Four short works for orchestra preceded the first Norfolk Rhapsody, but the
composer published only one of these -- In the Fen Country of 1904 (albeit in a
1935 revision). Actually, there were three Norfolk Rhapsodies, but Vaughan
Williams withdrew Nos. 2 and 3 after conducting them at Cardiff in 1907. The
lone survivor is considered the composer's first "official" folk song
work, for it followed a January 1905 collecting expedition "in the King's
Lynn neighbourhood," according to Hugh Ross' 1950 study of the composer for
Oxford University Press.
Three of his discoveries at fishing villages in fog-shrouded Norfolk, north
of London, are quoted in this E minor rhapsody, which Hugh Ottaway characterizes
in the New Grove Twentieth-Century English Masters as having "a distinctive
tone poetry, atmospheric and pure in expression, that points clearly to the next
period [1909-1914]."
Ross further described the work as follows: "the adagio opening is as
tenuous as a misty dawn, and there is a suggestion of the chilly vapours
fluttered by a breeze from the [North] Sea.
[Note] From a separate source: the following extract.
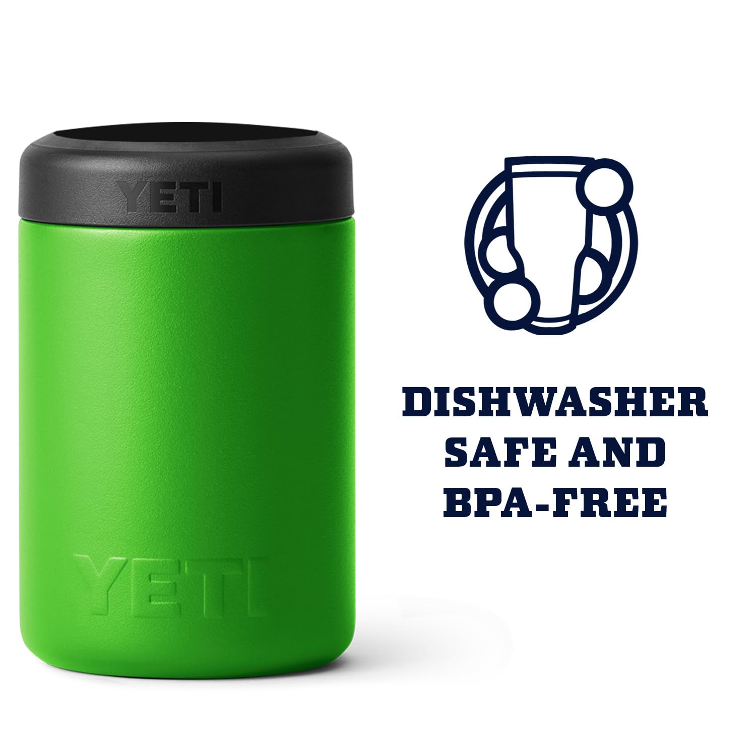 NOTE: This version does not include the Stash Can which was previously included. The YETI Standard Colster 2.0 is dishwasher safe and measures: 3 in x 4.25 in

The viola sings to us 'The Captain's
Apprentice' -- one of the noblest and possibly the most directly tragic of
English folk-songs....'A bold young sailor courted me' rather shyly intrudes,
and then 'On board on a '98' [identified by the composer's widow Ursula as
"a type of warship, designated by the number of guns she
carried"]....The ending section never rises above piano, and closes in the
sea mist of the beginning...a deeply considered work...a moving piece of music
which inspires and retains affection as well as admiration." The quiet
ending of the revised version was the first of a series of poetic sonic
"dissolves" that would become a trademark of the composer's
music." [from notes at http://malicioususer.thalysman.com/trax/Export%20Malicious/details/73683.html]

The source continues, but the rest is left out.